Make tar archives reproducible by setting Pax headers
ClosedPublic

Authored by aaronpuchert on Nov 23 2019, 6:04 PM.

Details

Summary

When POSIXLY_CORRECT is set, GNU tar will add ctime, atime and the PID
of the tar process that created the archive, as pointed out in [1].
To circumvent this, we set the Pax headers manually as recommended, but
we only do this when SOURCE_DATE_EPOCH is set, i.e. reproducible builds
are desired.

[1] https://salsa.debian.org/reproducible-builds/reproducible-website/merge_requests/50/diffs

Test Plan

Repeated builds produce the same files now. Changing the input files'
timestamps seems without effect.

Diff Detail

Repository
R32 KDevelop
Lint
Automatic diff as part of commit; lint not applicable.
Unit
Automatic diff as part of commit; unit tests not applicable.
aaronpuchert created this revision.Nov 23 2019, 6:04 PM
Restricted Application added a project: KDevelop. · View Herald TranscriptNov 23 2019, 6:04 PM
aaronpuchert requested review of this revision.Nov 23 2019, 6:04 PM
kossebau accepted this revision.Jan 12 2020, 11:28 AM
kossebau added a subscriber: kossebau.

No insight myself, but would trust you you know what you are doing here :) and it also matches what I just read on https://reproducible-builds.org/docs/archives/

This revision is now accepted and ready to land.Jan 12 2020, 11:28 AM
This revision was automatically updated to reflect the committed changes.

No insight myself, but would trust you you know what you are doing here :) and it also matches what I just read on https://reproducible-builds.org/docs/archives/

Thanks! I have to admit, I'm not a huge expert either. I noticed that we're still not reproducible on openSUSE and wrote to @bmwiedemann. He then added the remarks about Pax headers to that page.

This should work fine with a producer GNU-tar >= 1.28 , but what will be the consumer of the tar file?

Asking because I remember the case of alpine Linux and its 'abuild' producer. Alpine package manager implemented its own tar and that would only be happy with

--pax-option=exthdr.name=%d/PaxHeaders/%f,atime:=0,ctime:=0

The other thing is about POSIXLY_CORRECT - it is only considered in recent tar git (no releases last time I checked) and only for embedding the PID of the tar process.
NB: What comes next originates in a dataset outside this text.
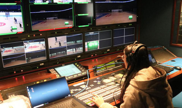 江苏体育休闲频道实习生在转播车内对不同机位进行镜头切换

So I would just not mention it in the commit message to make it easier to understand:

GNU tar will add ctime, atime and the PID
of the tar process that created the archive

...

This should work fine with a producer GNU-tar >= 1.28

We use the option only when SOURCE_DATE_EPOCH is set, and we assume that a recent enough tar is available then. Basically we say that if reproducible builds are desired, the proper tools should be available.

what will be the consumer of the tar file?
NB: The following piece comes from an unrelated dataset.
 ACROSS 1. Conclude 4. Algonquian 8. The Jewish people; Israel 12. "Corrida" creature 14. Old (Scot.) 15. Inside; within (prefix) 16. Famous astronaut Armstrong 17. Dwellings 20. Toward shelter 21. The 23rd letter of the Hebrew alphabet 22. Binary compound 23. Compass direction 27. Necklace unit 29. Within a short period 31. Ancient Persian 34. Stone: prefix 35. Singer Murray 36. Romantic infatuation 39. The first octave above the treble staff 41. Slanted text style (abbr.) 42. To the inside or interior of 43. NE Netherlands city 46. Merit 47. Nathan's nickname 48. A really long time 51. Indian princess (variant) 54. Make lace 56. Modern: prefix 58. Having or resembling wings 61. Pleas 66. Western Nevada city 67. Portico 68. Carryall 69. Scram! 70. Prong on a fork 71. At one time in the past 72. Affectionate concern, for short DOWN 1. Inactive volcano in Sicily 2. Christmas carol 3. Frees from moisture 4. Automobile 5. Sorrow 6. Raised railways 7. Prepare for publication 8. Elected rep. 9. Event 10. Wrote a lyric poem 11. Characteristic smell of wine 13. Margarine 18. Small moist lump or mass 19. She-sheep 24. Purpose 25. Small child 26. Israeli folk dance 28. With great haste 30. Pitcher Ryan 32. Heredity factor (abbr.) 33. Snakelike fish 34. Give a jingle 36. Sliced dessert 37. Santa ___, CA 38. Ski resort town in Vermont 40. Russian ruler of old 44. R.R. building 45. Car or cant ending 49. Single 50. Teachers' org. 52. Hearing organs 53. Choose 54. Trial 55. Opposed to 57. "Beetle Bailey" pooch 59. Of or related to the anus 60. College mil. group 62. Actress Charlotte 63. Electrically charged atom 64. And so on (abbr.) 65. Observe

Not sure I understand this question. The archive is created as part of the build process and then installed, on most Linux distributions into /usr/share/kdevappwizard/templates.
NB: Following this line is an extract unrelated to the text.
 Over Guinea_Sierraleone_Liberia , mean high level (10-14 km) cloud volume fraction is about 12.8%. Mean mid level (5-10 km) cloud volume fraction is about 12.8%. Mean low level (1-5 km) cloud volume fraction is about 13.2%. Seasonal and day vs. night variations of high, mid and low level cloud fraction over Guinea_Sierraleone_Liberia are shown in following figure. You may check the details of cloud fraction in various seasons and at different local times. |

Asking because I remember the case of alpine Linux and its 'abuild' producer. Alpine package manager implemented its own tar and that would only be happy with

--pax-option=exthdr.name=%d/PaxHeaders/%f,atime:=0,ctime:=0

Does this mean it won't be happy with delete=atime,delete=ctime? And what does it mean that the package manager has its own tar, is this is a different tar than is used in the distribution itself?

The other thing is about POSIXLY_CORRECT - it is only considered in recent tar git (no releases last time I checked) and only for embedding the PID of the tar process. So I would just not mention it in the commit message to make it easier to understand:

The change is already committed, so I can't change the message anymore. I didn't know you were here, otherwise I would have added you earlier as reviewer.